## GOAL OF THE EXERCISE
Your output should consist of the data, copied exactly.

[PROVIDED RECORDS Boundary: Start]

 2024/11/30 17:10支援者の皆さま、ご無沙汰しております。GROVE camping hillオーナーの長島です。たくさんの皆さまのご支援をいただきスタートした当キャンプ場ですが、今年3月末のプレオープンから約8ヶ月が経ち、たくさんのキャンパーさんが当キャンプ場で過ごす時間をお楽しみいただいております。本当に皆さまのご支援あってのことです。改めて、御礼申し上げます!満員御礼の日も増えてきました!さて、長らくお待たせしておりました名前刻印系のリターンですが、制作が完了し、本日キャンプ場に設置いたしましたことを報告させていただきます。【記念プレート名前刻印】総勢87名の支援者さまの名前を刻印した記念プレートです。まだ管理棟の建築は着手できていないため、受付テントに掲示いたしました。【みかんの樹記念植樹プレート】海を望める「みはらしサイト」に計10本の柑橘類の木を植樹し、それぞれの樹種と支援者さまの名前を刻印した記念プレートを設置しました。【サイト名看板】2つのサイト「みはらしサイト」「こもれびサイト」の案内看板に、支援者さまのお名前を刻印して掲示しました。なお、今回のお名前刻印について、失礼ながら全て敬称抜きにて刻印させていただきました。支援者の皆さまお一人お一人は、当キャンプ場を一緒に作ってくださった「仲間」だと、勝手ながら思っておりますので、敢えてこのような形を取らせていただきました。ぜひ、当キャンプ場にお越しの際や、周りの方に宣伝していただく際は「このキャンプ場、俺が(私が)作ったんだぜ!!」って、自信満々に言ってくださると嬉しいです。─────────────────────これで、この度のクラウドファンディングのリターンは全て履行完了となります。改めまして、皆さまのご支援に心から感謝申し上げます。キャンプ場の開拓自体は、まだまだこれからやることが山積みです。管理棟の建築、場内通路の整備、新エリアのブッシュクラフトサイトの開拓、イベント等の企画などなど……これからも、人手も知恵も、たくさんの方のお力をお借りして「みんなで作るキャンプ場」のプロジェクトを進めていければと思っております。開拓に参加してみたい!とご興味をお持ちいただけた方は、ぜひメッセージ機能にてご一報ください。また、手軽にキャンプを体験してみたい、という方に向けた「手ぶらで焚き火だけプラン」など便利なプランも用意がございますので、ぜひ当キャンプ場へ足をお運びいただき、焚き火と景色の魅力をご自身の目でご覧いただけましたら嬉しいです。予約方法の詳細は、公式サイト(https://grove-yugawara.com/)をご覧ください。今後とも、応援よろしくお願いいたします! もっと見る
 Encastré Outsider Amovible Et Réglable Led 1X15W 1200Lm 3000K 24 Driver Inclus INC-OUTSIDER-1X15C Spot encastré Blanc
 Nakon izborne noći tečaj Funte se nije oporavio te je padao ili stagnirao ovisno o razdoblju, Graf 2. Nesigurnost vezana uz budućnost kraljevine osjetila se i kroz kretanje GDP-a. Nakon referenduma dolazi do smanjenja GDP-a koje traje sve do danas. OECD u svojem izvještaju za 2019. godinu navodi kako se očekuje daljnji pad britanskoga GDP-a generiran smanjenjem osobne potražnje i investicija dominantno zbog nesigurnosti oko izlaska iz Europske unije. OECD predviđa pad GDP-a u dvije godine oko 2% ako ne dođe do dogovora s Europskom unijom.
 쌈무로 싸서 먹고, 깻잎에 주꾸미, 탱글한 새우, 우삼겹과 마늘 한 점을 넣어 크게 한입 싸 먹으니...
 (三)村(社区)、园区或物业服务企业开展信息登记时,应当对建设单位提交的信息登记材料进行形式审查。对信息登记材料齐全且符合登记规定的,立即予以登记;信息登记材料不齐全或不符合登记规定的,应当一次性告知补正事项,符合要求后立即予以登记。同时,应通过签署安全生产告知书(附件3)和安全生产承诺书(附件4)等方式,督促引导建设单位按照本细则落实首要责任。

[PROVIDED RECORDS Boundary: End]

## SOLUTION FOR THIS PROBLEM
 2024/11/30 17:10支援者の皆さま、ご無沙汰しております。GROVE camping hillオーナーの長島です。たくさんの皆さまのご支援をいただきスタートした当キャンプ場ですが、今年3月末のプレオープンから約8ヶ月が経ち、たくさんのキャンパーさんが当キャンプ場で過ごす時間をお楽しみいただいております。本当に皆さまのご支援あってのことです。改めて、御礼申し上げます!満員御礼の日も増えてきました!さて、長らくお待たせしておりました名前刻印系のリターンですが、制作が完了し、本日キャンプ場に設置いたしましたことを報告させていただきます。【記念プレート名前刻印】総勢87名の支援者さまの名前を刻印した記念プレートです。まだ管理棟の建築は着手できていないため、受付テントに掲示いたしました。【みかんの樹記念植樹プレート】海を望める「みはらしサイト」に計10本の柑橘類の木を植樹し、それぞれの樹種と支援者さまの名前を刻印した記念プレートを設置しました。【サイト名看板】2つのサイト「みはらしサイト」「こもれびサイト」の案内看板に、支援者さまのお名前を刻印して掲示しました。なお、今回のお名前刻印について、失礼ながら全て敬称抜きにて刻印させていただきました。支援者の皆さまお一人お一人は、当キャンプ場を一緒に作ってくださった「仲間」だと、勝手ながら思っておりますので、敢えてこのような形を取らせていただきました。ぜひ、当キャンプ場にお越しの際や、周りの方に宣伝していただく際は「このキャンプ場、俺が(私が)作ったんだぜ!!」って、自信満々に言ってくださると嬉しいです。─────────────────────これで、この度のクラウドファンディングのリターンは全て履行完了となります。改めまして、皆さまのご支援に心から感謝申し上げます。キャンプ場の開拓自体は、まだまだこれからやることが山積みです。管理棟の建築、場内通路の整備、新エリアのブッシュクラフトサイトの開拓、イベント等の企画などなど……これからも、人手も知恵も、たくさんの方のお力をお借りして「みんなで作るキャンプ場」のプロジェクトを進めていければと思っております。開拓に参加してみたい!とご興味をお持ちいただけた方は、ぜひメッセージ機能にてご一報ください。また、手軽にキャンプを体験してみたい、という方に向けた「手ぶらで焚き火だけプラン」など便利なプランも用意がございますので、ぜひ当キャンプ場へ足をお運びいただき、焚き火と景色の魅力をご自身の目でご覧いただけましたら嬉しいです。予約方法の詳細は、公式サイト(https://grove-yugawara.com/)をご覧ください。今後とも、応援よろしくお願いいたします! もっと見る
 Encastré Outsider Amovible Et Réglable Led 1X15W 1200Lm 3000K 24 Driver Inclus INC-OUTSIDER-1X15C Spot encastré Blanc
 Nakon izborne noći tečaj Funte se nije oporavio te je padao ili stagnirao ovisno o razdoblju, Graf 2. Nesigurnost vezana uz budućnost kraljevine osjetila se i kroz kretanje GDP-a. Nakon referenduma dolazi do smanjenja GDP-a koje traje sve do danas. OECD u svojem izvještaju za 2019. godinu navodi kako se očekuje daljnji pad britanskoga GDP-a generiran smanjenjem osobne potražnje i investicija dominantno zbog nesigurnosti oko izlaska iz Europske unije. OECD predviđa pad GDP-a u dvije godine oko 2% ako ne dođe do dogovora s Europskom unijom.
 쌈무로 싸서 먹고, 깻잎에 주꾸미, 탱글한 새우, 우삼겹과 마늘 한 점을 넣어 크게 한입 싸 먹으니...
 (三)村(社区)、园区或物业服务企业开展信息登记时,应当对建设单位提交的信息登记材料进行形式审查。对信息登记材料齐全且符合登记规定的,立即予以登记;信息登记材料不齐全或不符合登记规定的,应当一次性告知补正事项,符合要求后立即予以登记。同时,应通过签署安全生产告知书(附件3)和安全生产承诺书(附件4)等方式,督促引导建设单位按照本细则落实首要责任。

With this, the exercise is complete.